What is expected: Reproduce each record exactly. The pictures should be skipped.

Entries provided:
_ _ _

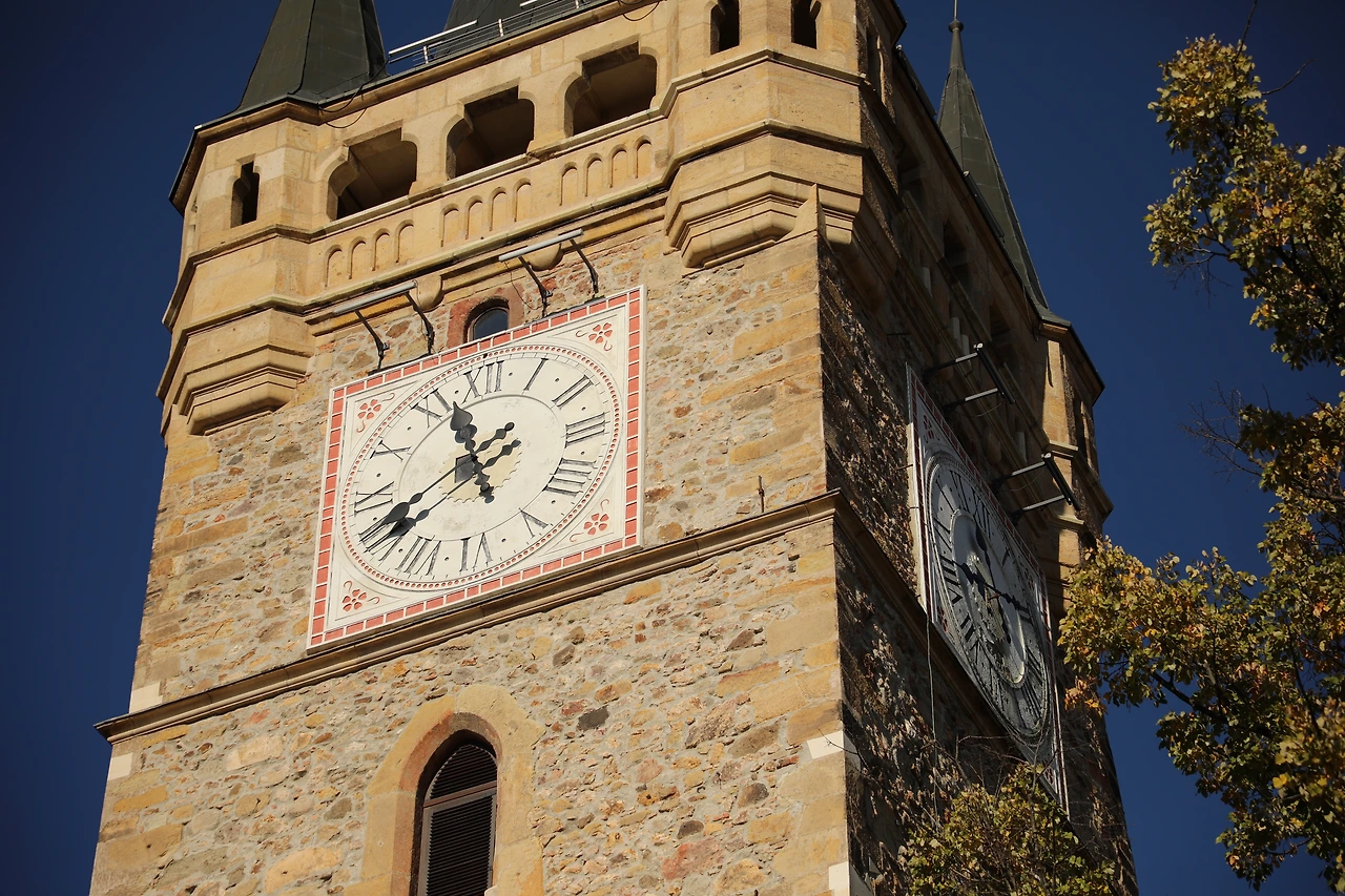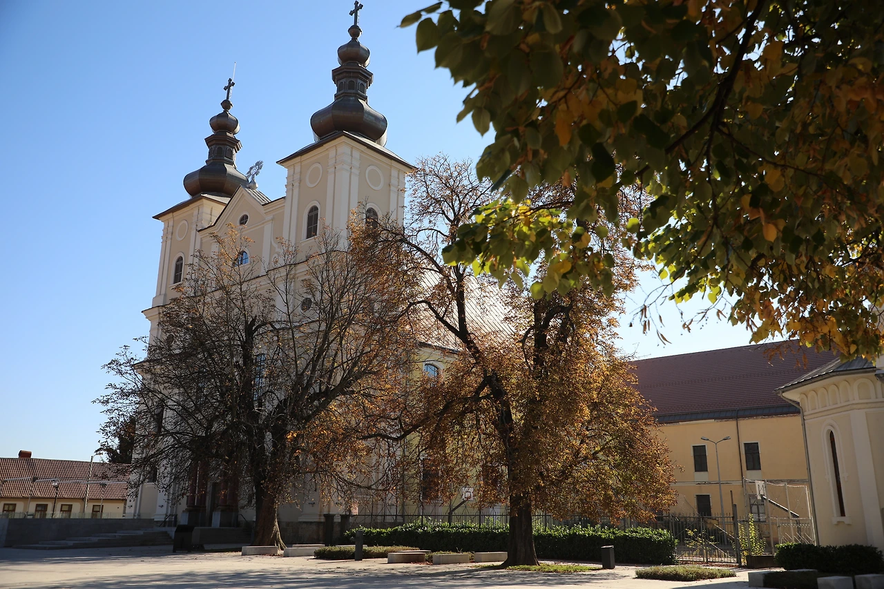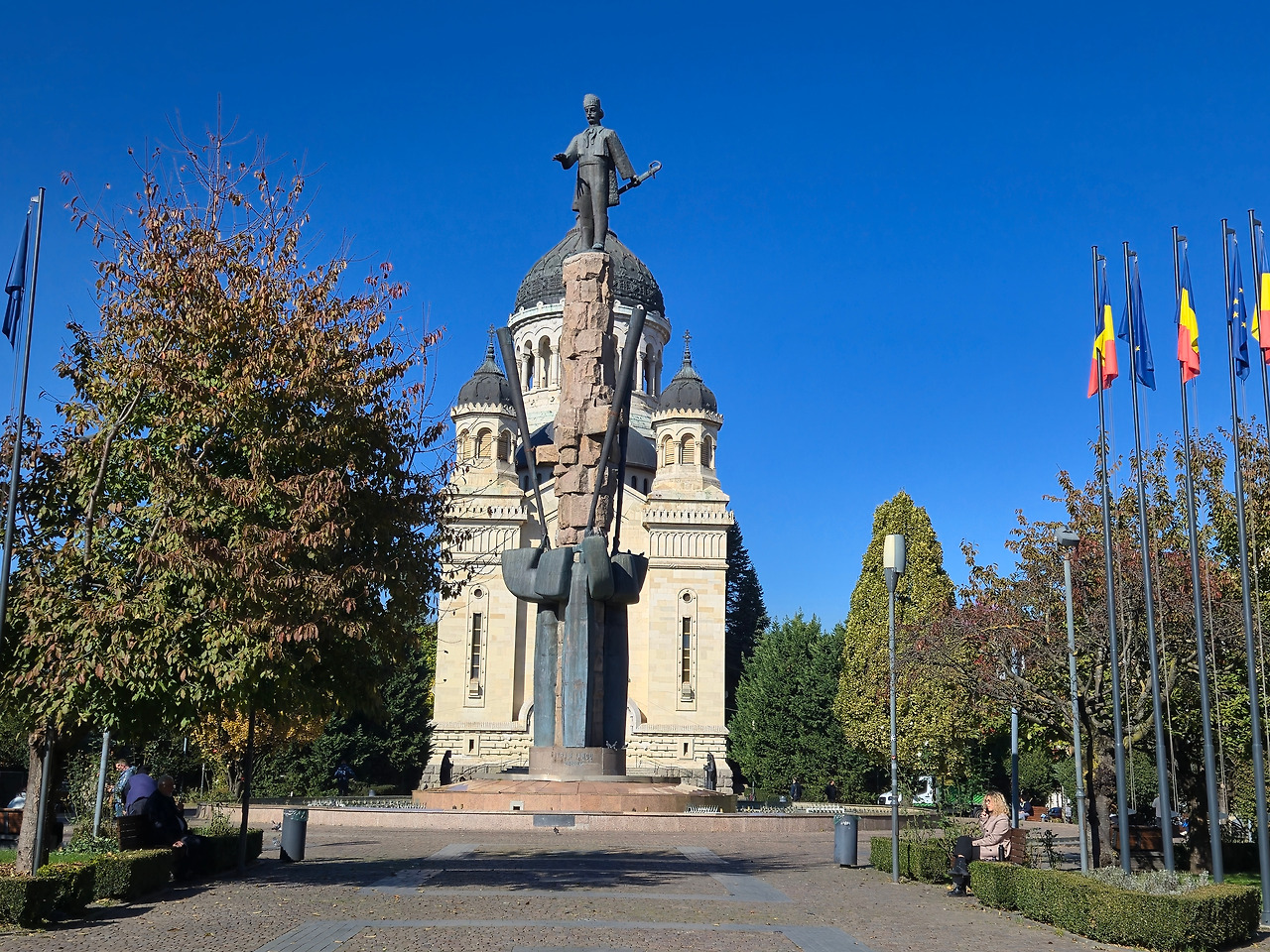 성당 앞에는 트란실바니아의 변호사이자 혁명가인 아브람 이안쿠 동상이 서 있는데 그곳 광장 이름도 이안쿠 광장입니다.
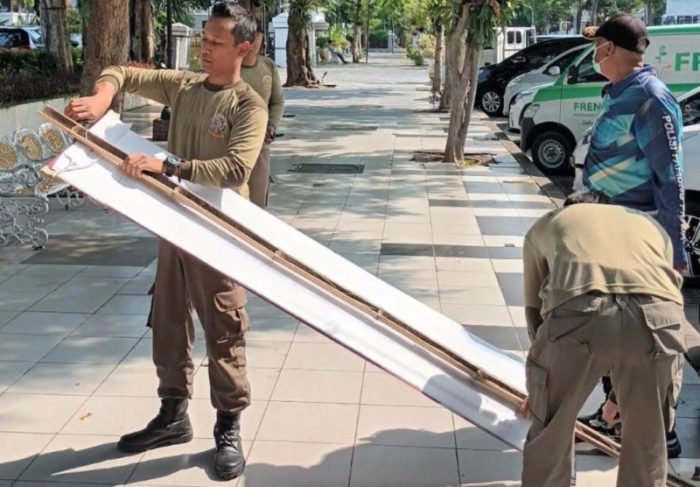 SURABAYATODAY.ID, SURABAYA –Pemkot Surabaya melalui Satpol PP Surabaya secara masif melakukan penertiban papan reklame insidentil maupun permanen, Jumat (22/3). Penertiban itu dilakukan dengan membongkar objek reklame yang tak berizin dan melanggar aturan.
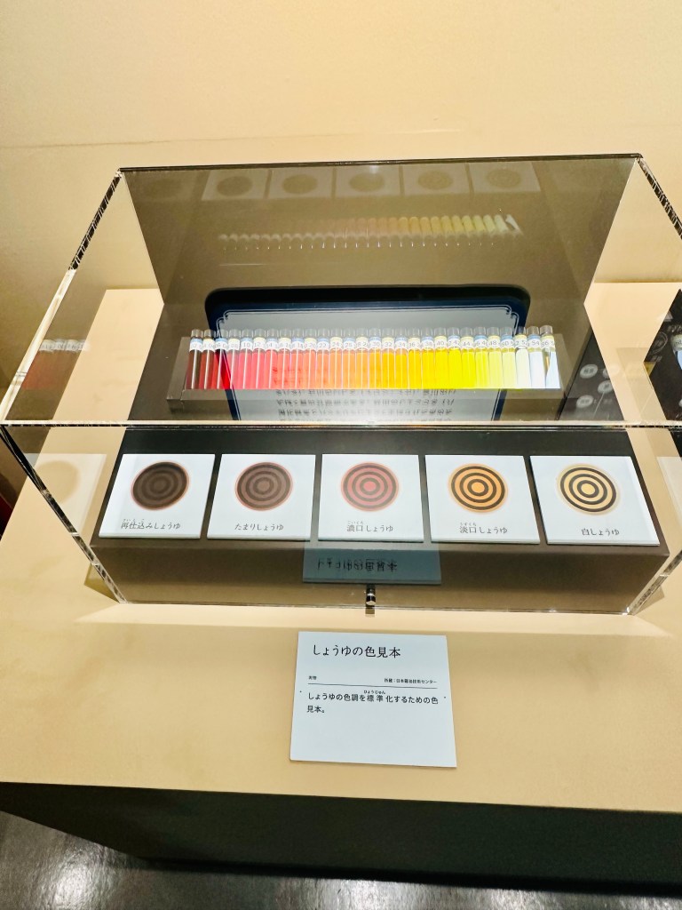 Zōni, rice porridge, changes in each region and there is a lovely display showing how different the porridge is throughout Japan. A diagram shows how rice and soybeans are used to make a variety of products including tofu, nattō, yuba, soy sauce, miso, sake, sushi, mochi, and so much more. Fascinating to see the different hues of soy sauce.
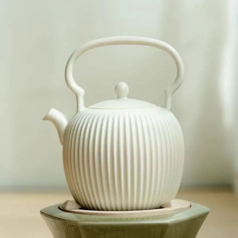 Amateur de design, voici une petite Théière Blanche Moderne qui ne pourra que vous séduire. En céramique d'une belle couleur blanc crème neutre et sans mémoire, munie d'une filtre boule multi-trous intégré devant le bec, elle permet aux feuilles de thé de profiter de l'ensemble du corps de la théière pour se déployer. En grès résistant cuit à très haute température, elle peut servir de bouilloire sur feu doux. De délicieux moments en perspective...
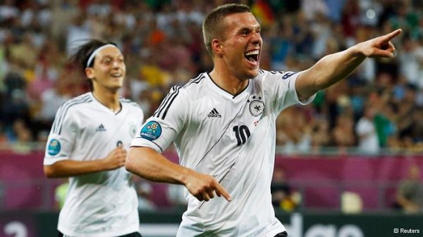 لوکاس پودلسکی (راست) در یکصدمین بازی ملی خود موفق به گشودن دروازه حریف شد
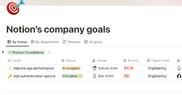 Notion's company goals template: a Notion template created by Notion.
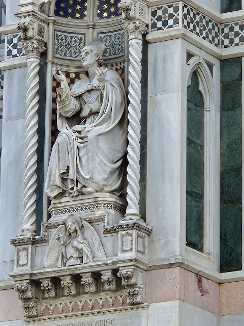 Here's the façade. In common with many churches in Tuscany, not just in this city, this bi-coloured or even tri-coloured marble mosaic gives a striking appearance to the front entrance. The remainder of the church, including its bell tower, sticks to the native orange/brown sandstone.
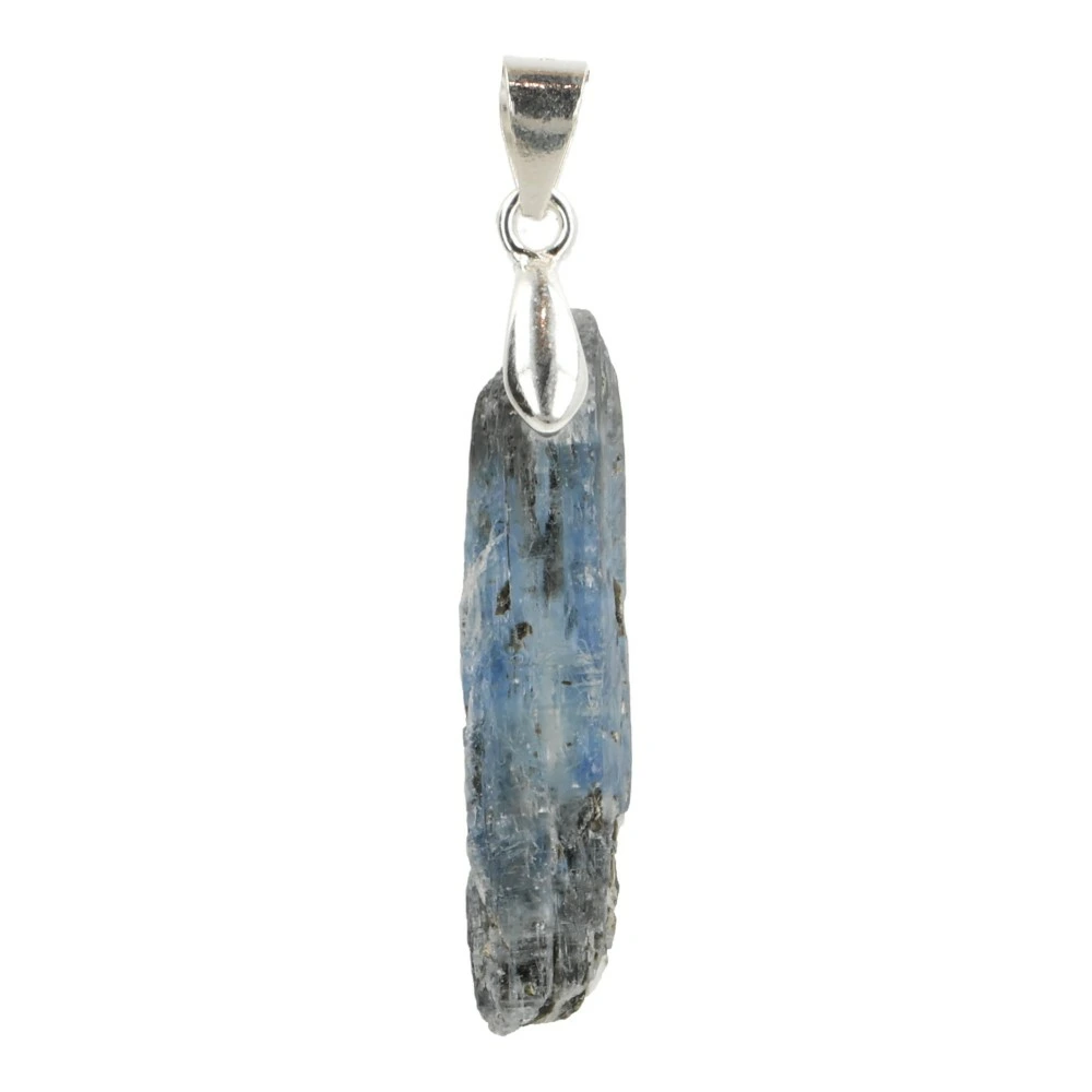 Mooie blauwe kyaniet hanger ruw met zilveren clipje uit Karoi, Zimbabwe. Deze fraaie kwaliteit kyaniet hangers hebben een mooie glans en enige transparantie, erg mooi om te zien. Unieke eigenschap is dat ze rood oplichten onder UV-lich, iets wat blauwe kyaniet normaal niet doet. Je ontvangt een soortgelijke kyaniet hanger zonder koord en kan de hanger prima dragen aan een Zilveren ketting. Iedere hanger is net anders in tekening. De afmeting van deze kyaniet hanger is ongeveer 0,5-1cm breed en 2,2-3,5 cm hoog.
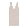 Практичная бежевая майка с трендовой фактурой "лапша". Модель выполнена из мягкого микса с вискозой и нейлоном. Широкие бретели и V-образный вырез акцентируют зону декольте. Майка станет прекрасной основой для многослойных образов.
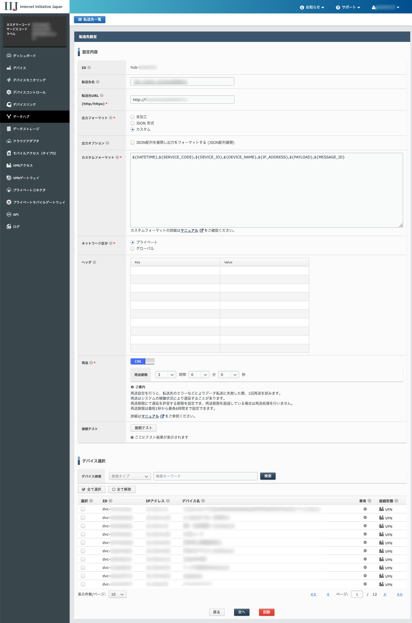 | 再送 | 転送先のエラーなどによりデータ転送に失敗した際、再送の実施有無と再送までの期限を設定することができます。 再送の詳細は、データハブの再送処理をご覧ください。 |
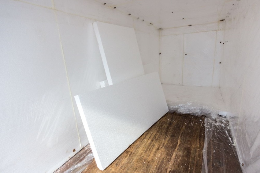 To fix the insulation, you can use plastic pins or a special adhesive. Plastic elements are screwed into the walls of the cargo container in advance. A polyethylene film is laid on top of the insulation. Then a decorative layer is installed, for example, chipboard or lining.
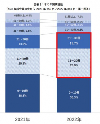 ・2021年のデータと比較すると、0~10冊と回答した人が減少し、11~21冊、21~30冊と回答する人が増加。昨年と比較し年間購読数が増えている。
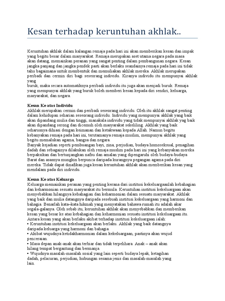 Doc Keruntuhan Moral Di Kalangan Remaja Siapakah Yang Harus Dipersalahkan Cathy Nallu Academia Edu
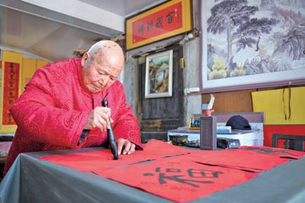 顾汝询家,春节从不用印刷春联。每年腊月二十六起,顾汝询便开始研墨铺纸,免费给有需要的人赠送春联、福字,这一写就是几十年。他的作品笔力浑厚,结构舒展,不少外地游客也慕名而来求字祈福,老人从不拒绝:“能送人‘寿’字,是福气。”
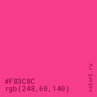 Цвет #F83C8C в цветовой модели RGB обозначается тремя октетами (248, 60, 140) в десятичном формате и #F83C8C в шестнадцатиричном (hex) формате, которые являются интенсивностью красного 248 (hex F8), интенсивность зелёного 60 (hex 3C) и интенсивность синего 140 (hex 8C).
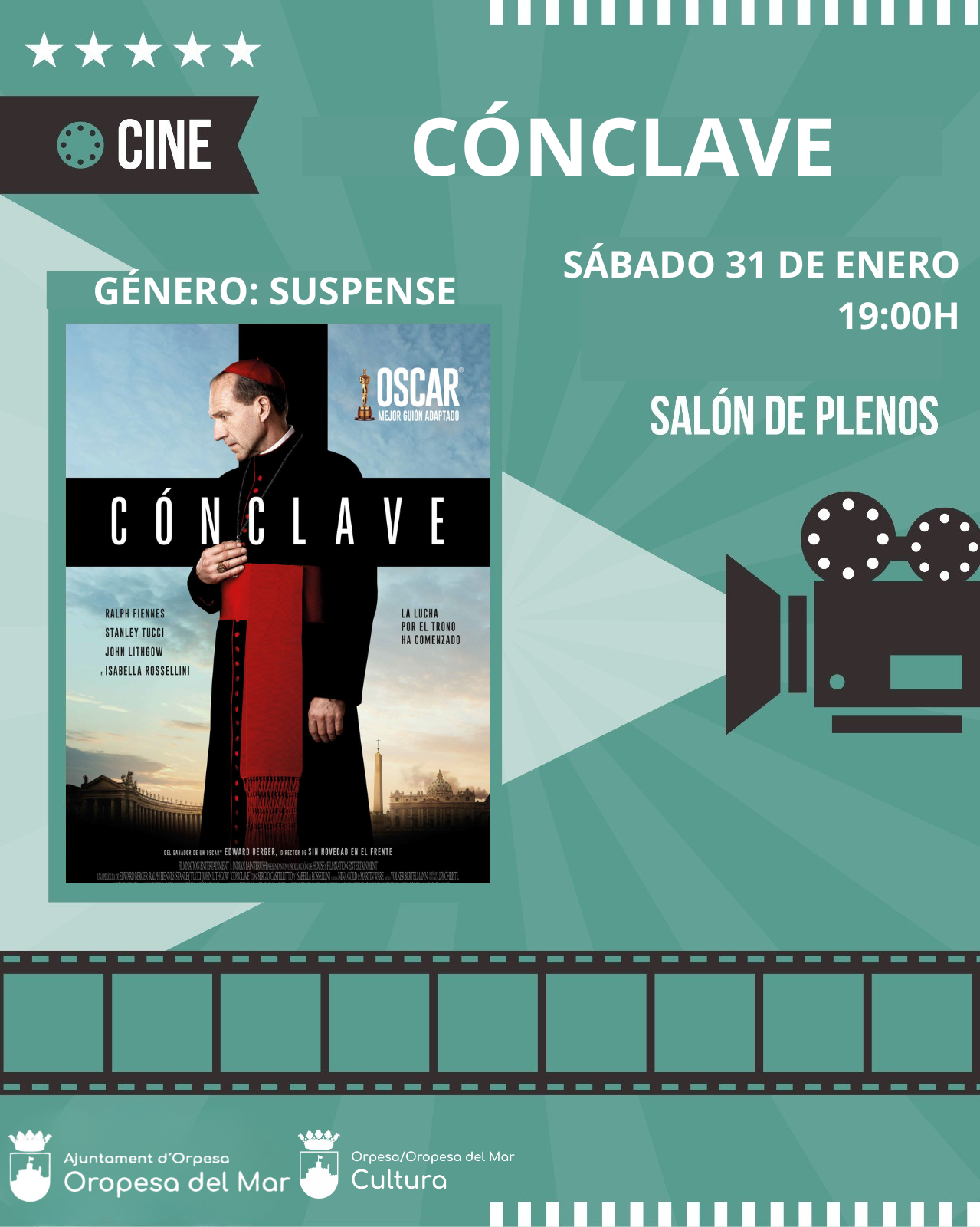 🗣️🏫 El Ayuntamiento de Oropesa del Mar, a través de la concejalía de Cultura, recuerda que hoy Sábado 31 de Enero podremos disfrutar de la sesión de cine semanal con la película "Cónclave".
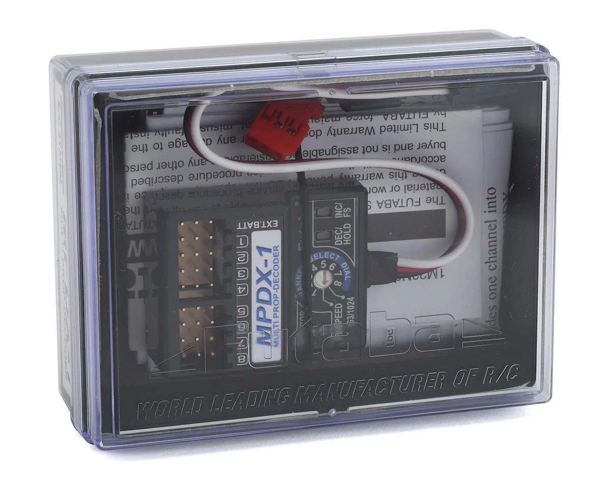 The Futaba MPDX-1 Multi-Prop Decoder is used to expand a single receiver channel signal, to up to eight channels. Simply connect the decoder to the receiver on Futaba 32MZ, 18MZ, 14MZ, FX-40, 12Z and 12FG systems.
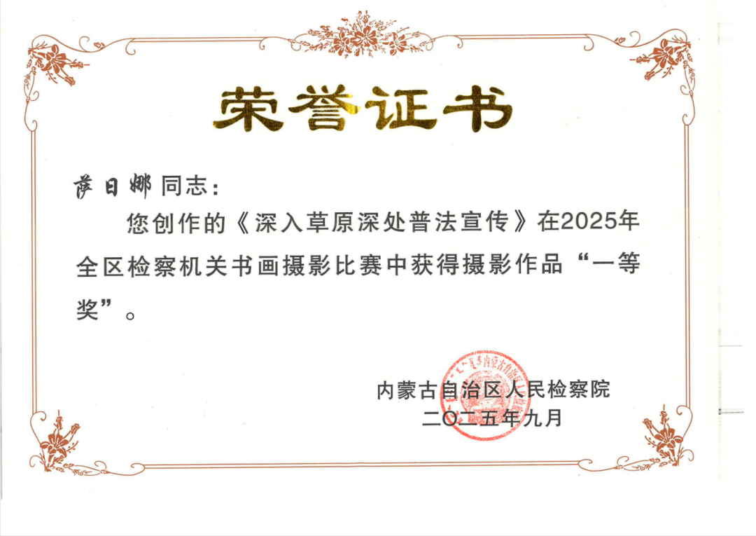 萨日娜荣获全区检察机关书画摄影比赛中,摄影作品荣获一等奖和三等奖,那仁满都拉荣获2025年改革创新驱动“双子星座”高质效检察履职检察理论研讨会三等奖。借势民族政策宣传月、法治宣传周,深入包联社区、乡村振兴帮扶点,以群众喜闻乐见的形式宣讲民族理论政策和法律法规,推动党建成果转化为基层治理效能。

_ _ _

Result of this task:
 성당 앞에는 트란실바니아의 변호사이자 혁명가인 아브람 이안쿠 동상이 서 있는데 그곳 광장 이름도 이안쿠 광장입니다.
 SURABAYATODAY.ID, SURABAYA –Pemkot Surabaya melalui Satpol PP Surabaya secara masif melakukan penertiban papan reklame insidentil maupun permanen, Jumat (22/3). Penertiban itu dilakukan dengan membongkar objek reklame yang tak berizin dan melanggar aturan.
 Zōni, rice porridge, changes in each region and there is a lovely display showing how different the porridge is throughout Japan. A diagram shows how rice and soybeans are used to make a variety of products including tofu, nattō, yuba, soy sauce, miso, sake, sushi, mochi, and so much more. Fascinating to see the different hues of soy sauce.
 Amateur de design, voici une petite Théière Blanche Moderne qui ne pourra que vous séduire. En céramique d'une belle couleur blanc crème neutre et sans mémoire, munie d'une filtre boule multi-trous intégré devant le bec, elle permet aux feuilles de thé de profiter de l'ensemble du corps de la théière pour se déployer. En grès résistant cuit à très haute température, elle peut servir de bouilloire sur feu doux. De délicieux moments en perspective...
 لوکاس پودلسکی (راست) در یکصدمین بازی ملی خود موفق به گشودن دروازه حریف شد
 Notion's company goals template: a Notion template created by Notion.
 Here's the façade. In common with many churches in Tuscany, not just in this city, this bi-coloured or even tri-coloured marble mosaic gives a striking appearance to the front entrance. The remainder of the church, including its bell tower, sticks to the native orange/brown sandstone.
 Mooie blauwe kyaniet hanger ruw met zilveren clipje uit Karoi, Zimbabwe. Deze fraaie kwaliteit kyaniet hangers hebben een mooie glans en enige transparantie, erg mooi om te zien. Unieke eigenschap is dat ze rood oplichten onder UV-lich, iets wat blauwe kyaniet normaal niet doet. Je ontvangt een soortgelijke kyaniet hanger zonder koord en kan de hanger prima dragen aan een Zilveren ketting. Iedere hanger is net anders in tekening. De afmeting van deze kyaniet hanger is ongeveer 0,5-1cm breed en 2,2-3,5 cm hoog.
 Практичная бежевая майка с трендовой фактурой "лапша". Модель выполнена из мягкого микса с вискозой и нейлоном. Широкие бретели и V-образный вырез акцентируют зону декольте. Майка станет прекрасной основой для многослойных образов.
 | 再送 | 転送先のエラーなどによりデータ転送に失敗した際、再送の実施有無と再送までの期限を設定することができます。 再送の詳細は、データハブの再送処理をご覧ください。 |
 To fix the insulation, you can use plastic pins or a special adhesive. Plastic elements are screwed into the walls of the cargo container in advance. A polyethylene film is laid on top of the insulation. Then a decorative layer is installed, for example, chipboard or lining.
 ・2021年のデータと比較すると、0~10冊と回答した人が減少し、11~21冊、21~30冊と回答する人が増加。昨年と比較し年間購読数が増えている。
 Doc Keruntuhan Moral Di Kalangan Remaja Siapakah Yang Harus Dipersalahkan Cathy Nallu Academia Edu
 顾汝询家,春节从不用印刷春联。每年腊月二十六起,顾汝询便开始研墨铺纸,免费给有需要的人赠送春联、福字,这一写就是几十年。他的作品笔力浑厚,结构舒展,不少外地游客也慕名而来求字祈福,老人从不拒绝:“能送人‘寿’字,是福气。”
 Цвет #F83C8C в цветовой модели RGB обозначается тремя октетами (248, 60, 140) в десятичном формате и #F83C8C в шестнадцатиричном (hex) формате, которые являются интенсивностью красного 248 (hex F8), интенсивность зелёного 60 (hex 3C) и интенсивность синего 140 (hex 8C).
 🗣️🏫 El Ayuntamiento de Oropesa del Mar, a través de la concejalía de Cultura, recuerda que hoy Sábado 31 de Enero podremos disfrutar de la sesión de cine semanal con la película "Cónclave".
 The Futaba MPDX-1 Multi-Prop Decoder is used to expand a single receiver channel signal, to up to eight channels. Simply connect the decoder to the receiver on Futaba 32MZ, 18MZ, 14MZ, FX-40, 12Z and 12FG systems.
 萨日娜荣获全区检察机关书画摄影比赛中,摄影作品荣获一等奖和三等奖,那仁满都拉荣获2025年改革创新驱动“双子星座”高质效检察履职检察理论研讨会三等奖。借势民族政策宣传月、法治宣传周,深入包联社区、乡村振兴帮扶点,以群众喜闻乐见的形式宣讲民族理论政策和法律法规,推动党建成果转化为基层治理效能。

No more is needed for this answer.